We use the case fatality rate (CFR) at time t to estimate the death rate (see Eq. 2).

$$\begin{aligned} CFR(DMU_i, t) = \dfrac{{(\text{Total } \text{ number } \text{ of } \text{ deaths})}^t_i}{{(\text{Total } \text{ number } \text{ of } \text{ confirmed } \text{ cases})}^t_i} \end{aligned}$$
(2)

for a country i at time t. We define the survival rate as the second longitudinal output \(y_2(DMU_i,t)\) (see Eq. 3).

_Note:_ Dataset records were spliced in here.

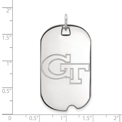 Georgia Tech GT large dog tag is made of polished 14k white gold. Item length: 40mm, width: 24mm. Officially licensed jewelry. Weight: 9.1 grams. Made in the USA. Fits up to a 3mm chain.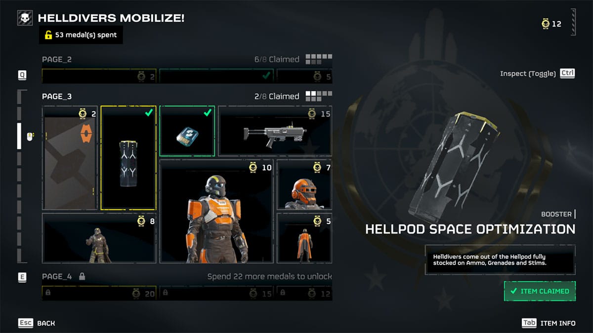- Hellpod Space Optimization: Helldivers come out of the Hellpod fully stocked on Ammo, Grenades, and Stims. (Page 3, 10 Medals).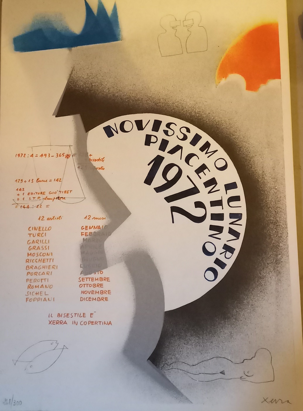 AA.VV. NOVISSIMO LUNARIO PIACENTINO 1972 - CARTELLA DI 13 LITOGRAFIE CM.48X34 ES.248/300 FIRMATE A MATITA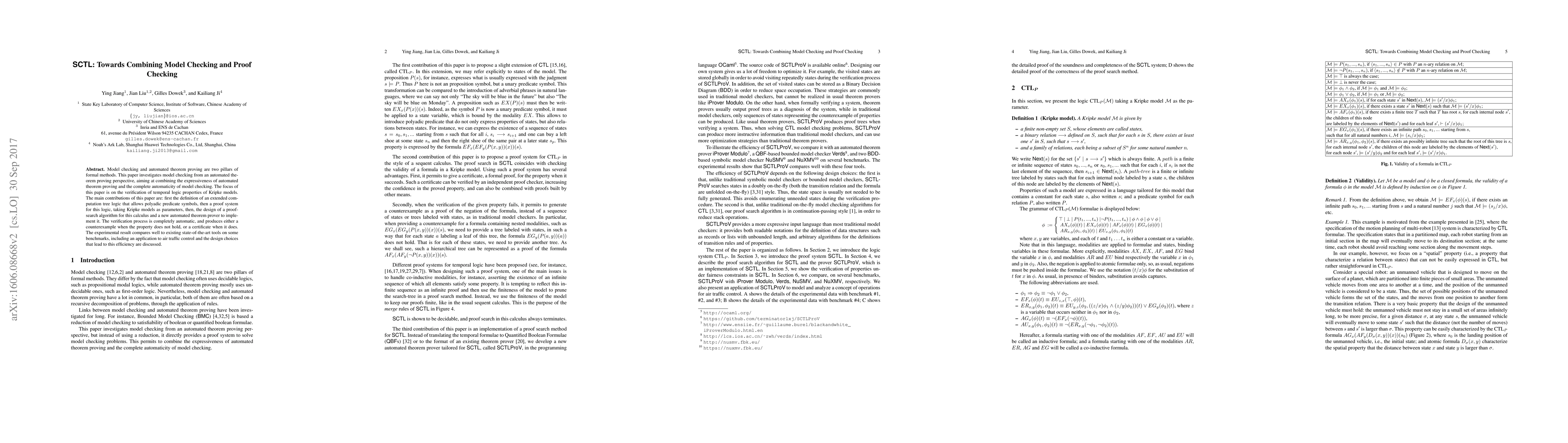 This paper develops an extended computation tree logic to combine model checking with automated theorem proving for verifying temporal logic properties in Kripke models. It introduces a proof system, a proof-search algorithm, and an automated theorem prover, demonstrating efficiency through benchmark tests and applications to air traffic control.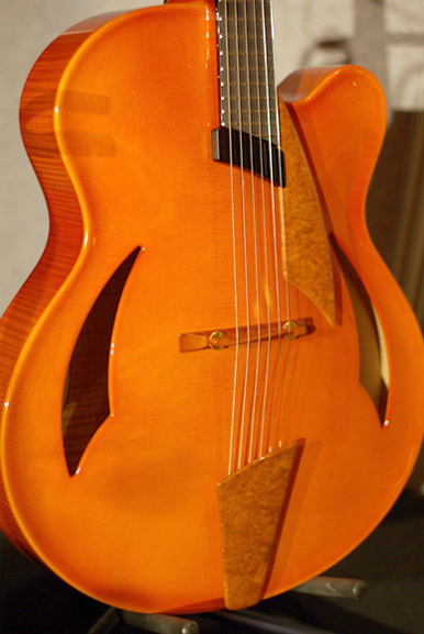 Après 20 ans d'ébénisterie et de menuiserie de construction, Peter Hopkins a fini par consacrer son talent à la lutherie, plus particulièrement à la guitare archtop. Sept ans plus tard, il sent qu'il est au meilleur de son art. Venez en voir la preuve, en découvrant deux de ses créations, la Contessa et la Monarch Regal.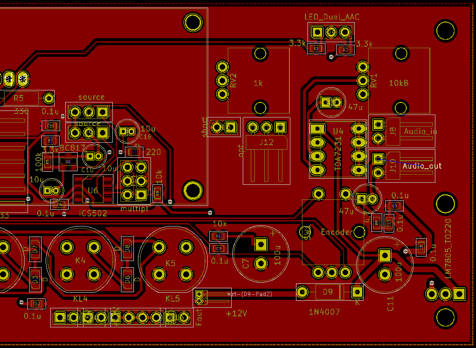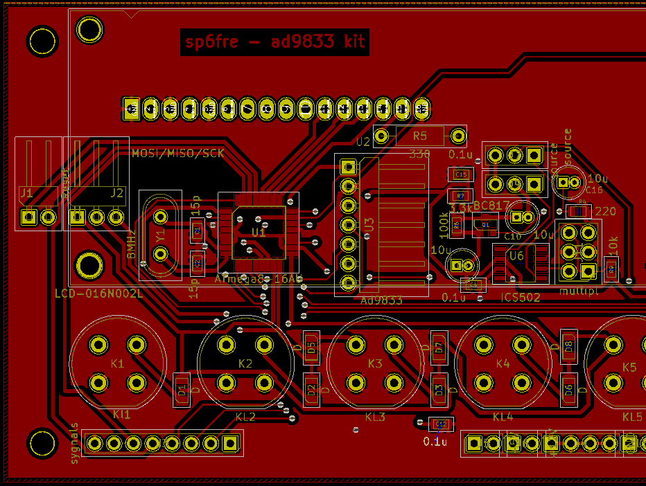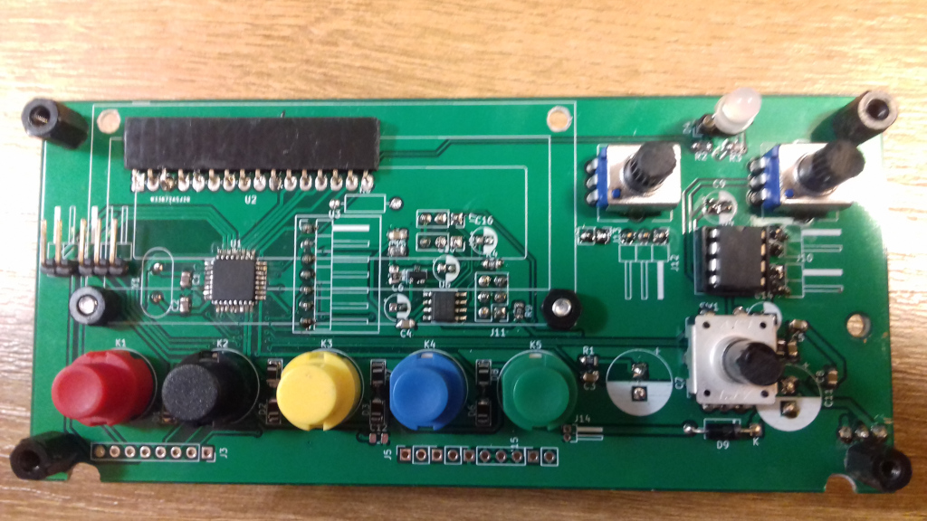 Kolejne zdjęcia pokazują po której stronie należy montować elementy. Od przodu jest wyświetlacz, elementy smd, potencjometry i impulsator, wzmacniacz U4, klawisze oraz dioda świecąca. Reszta elementów powinna być mocowana od drugiej strony, w szczególności kondensatory, piny sygnałowe i funkcyjne, stabilizator 7805 oraz generator AD9833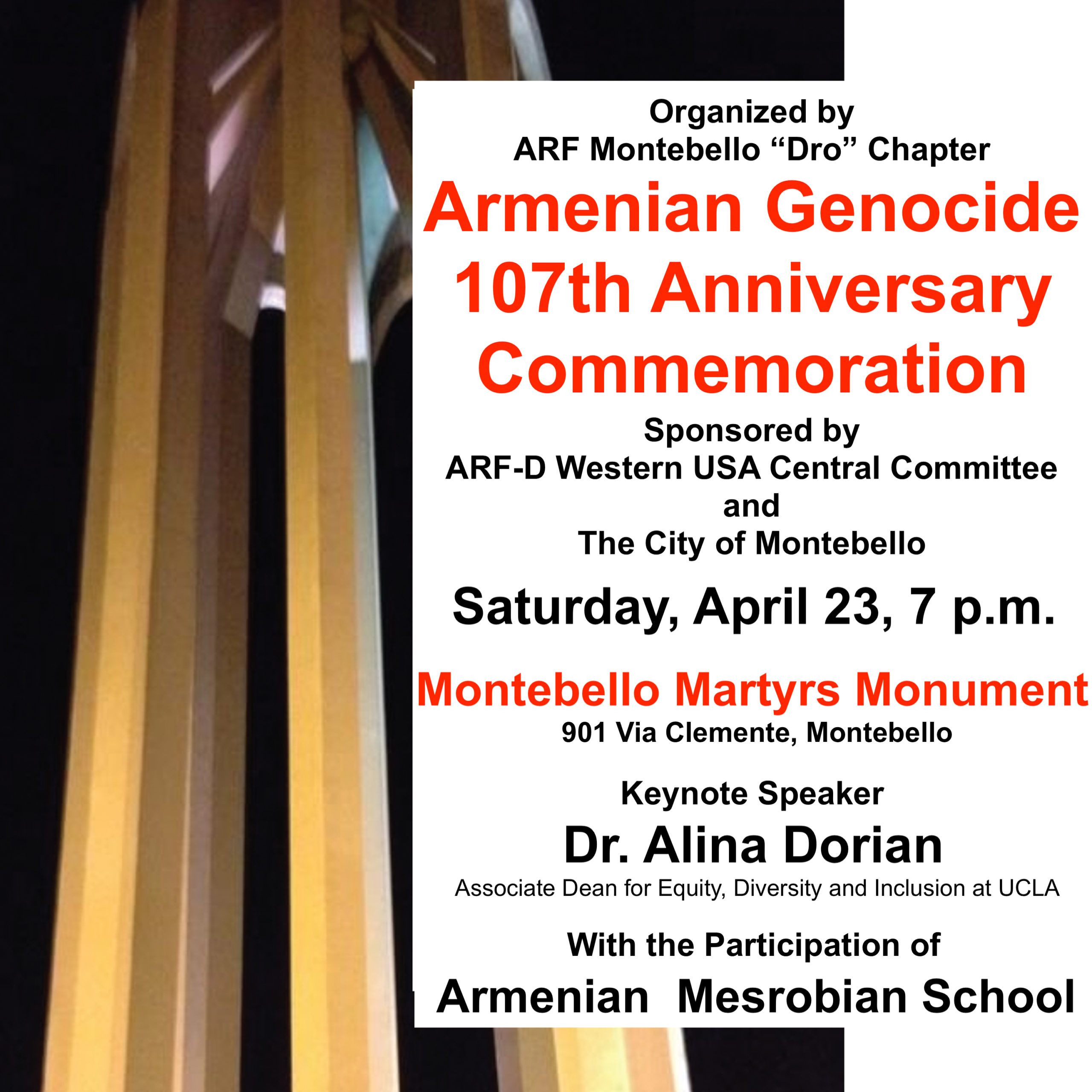 ASAs participating in this year’s Stain of Denial include those based at Cal Poly Pomona, Cal State Los Angeles, Cal State Northridge, the Claremont Colleges, Glendale Community College, Los Angeles Valley College, Loyola Marymount University, Occidental College, Pasadena City College, Santa Monica College, UC Los Angeles, UC Irvine, UC Riverside, UC San Diego, UC Santa Barbara, UC Santa Cruz, and the University of Southern California. For the first time in its history, Stain of Denial will also include universities outside of California as well: Armenian students at Northeastern and Tufts Universities located in Boston, Massachusetts and Grand Valley State University in Allendale, Michigan will be participating.
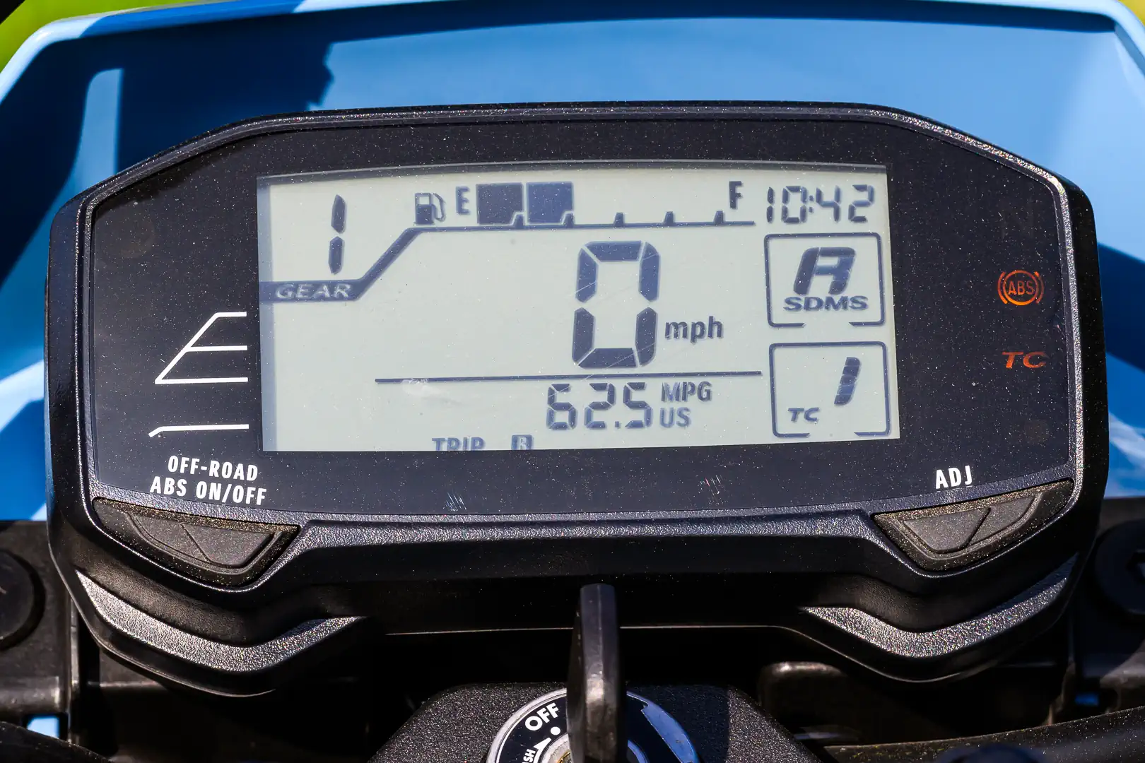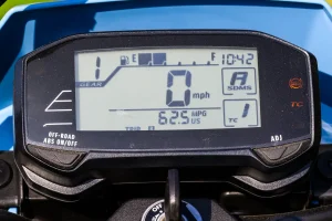 - We didn’t get the wanted 6th gear, and that matters more on the SM than the dual-sport S DR-Z4 variant. For trail riding and working the back roads, it’s easier to overlook the lack of a six-speed transmission. However, if you’re an urban rider who spends time on the freeway, you’ll feel constrained by the transmission. Accelerating to run with the big dogs, you’ll hit 5th gear before you know it, and mounting vibration gets more of your attention than how quickly you’re spooling up competitive freeway speeds. At 55 mph or higher, you’ll constantly be looking down at the LCD dash and have that “5” gear indicator looking back at you, dashing any hopes of shifting up one more time to relax the ride. It was a cost-saving move by Suzuki, as the $8999 MSRP is already high for the 400 class.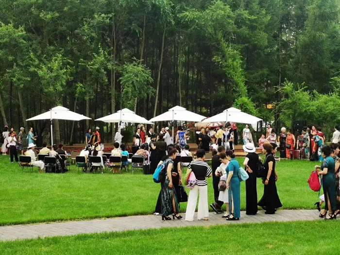在文化創(chuàng)意園的核心位置,有一處面積為131.14平方米的半月?tīng)钌治枧_(tái)。4000株大海棠花從2米高的創(chuàng)意作品啤酒筒潑灑而出,蜿蜒“流淌”。此景名為《森林飛花》,與森林舞臺(tái)交相呼應(yīng),相得益彰。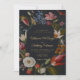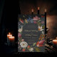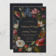 Esse convite encantador e único para o casamento apresenta uma fina estrutura floral com vários tons de flores cor-de-rosa e vermelha abarrotadas, no estilo dos velhos mestrados holandeses, colocados contra um fundo preto profundo e temperado. A elegante caligrafia e o texto dourado acrescentam um toque de luxo e sofisticação. Uma escolha encantadora para noivas que amam a estética romântica, o tema gótico e os convites de casamento obscuros, este convite certamente vira cabeças e cria uma atmosfera sofisticada e romântica para o seu dia especial.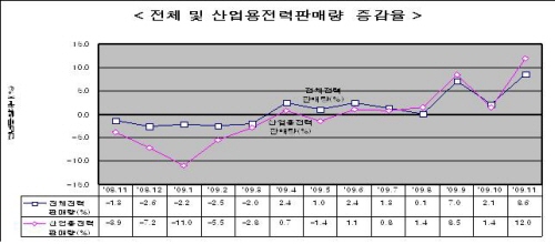 지식경제부 전기위원회는 지난달 산업용 전력판매량이 지난해 같은 기간과 비교해 12.0% 증가해 지난 2002년 1월(13.5%) 이래 월간 기준으로 최대 증가율을 기록했다고 14일 밝혔다.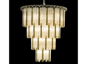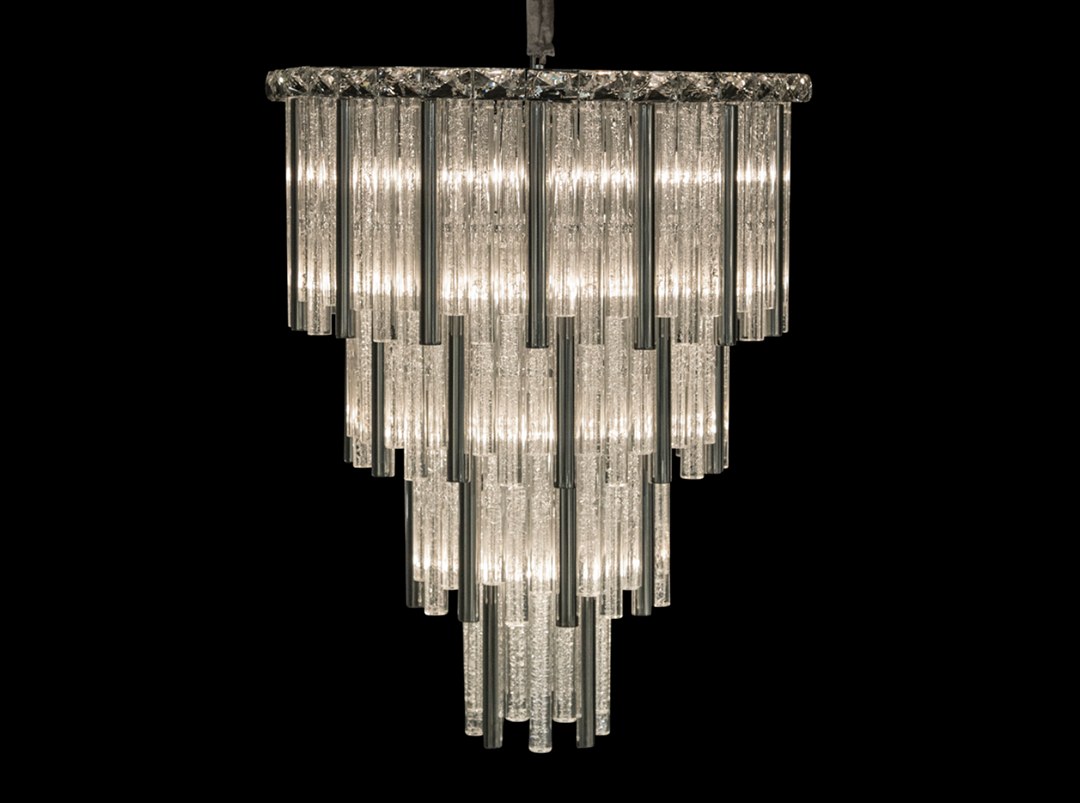 Esta lámpara en cascada está revestida de vidrio transparente y campanas en dorado, ofreciendo un brillo suave y uniforme. Coronada con un anillo de cristal, Chimes es la creación perfecta del lujo moderno.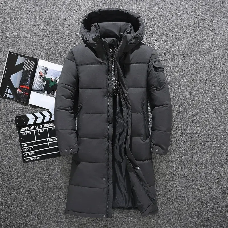 2023 Winter Men's Down Jacket High-quality Thick Thermal Waterproof Long Parka Coat Men's White Duck Down Hooded Jacket 5XL - Bl

$$\begin{aligned} y_2(DMU_i,t) = 1 - CFR(DMU_i,t) \end{aligned}$$
(3)

It is worth emphasizing that CFR does not involve a lag, as we are interested in the instantaneous response of an NHCS.

Longitudinal DEA

We focus on the response of the healthcare system to the outbreak of COVID-19. The inputs are defined by the preparedness dimensions and COVID-19-related demand for healthcare services, while the outputs are specified by the clinical outcomes. Given that the outputs do not necessarily change in a proportional way to the inputs, we assume variable returns to scale (VRS) technology43,72. However, the inputs and outputs vary over time during the pandemic. Therefore, we expect the efficiency of an NHCS to change over time. The longitudinal DEA is, therefore, introduced to capture these changes (as shown in Fig. 3). The efficiency frontier at time \(t=1\) is defined by NHCSs 1 to 6. At time \(t=2\), the efficiency frontier may change as NHCSs improve their institutional or technical performance, which explains the efficiency frontier shift.

Figure 3
figure 3

Principle of longitudinal DEA.

Let \((X^t,Y^t)\) be two longitudinal matrices representing inputs and outputs, respectively. As the study’s objective revolves around the NHCS’s performance in using its resources, an input-oriented VRS model73 is adopted to measure the efficiency of each \(DMU_i\) for \(i=1,..., 37\) at time t. Given that we are dealing with ratio outputs, we adopt the model proposed by Emrouznejad et al.74 to take into account the ratio nature of the two outputs. The model is given in Eq. 4, with \(t=1,...,T\). To preserve the discriminatory power of the DEA75, as explained Bi-criteria visual analysis of efficiency and performance of NHCS in section, we make sure that the number of DMUs is higher than the numbers of inputs and outputs.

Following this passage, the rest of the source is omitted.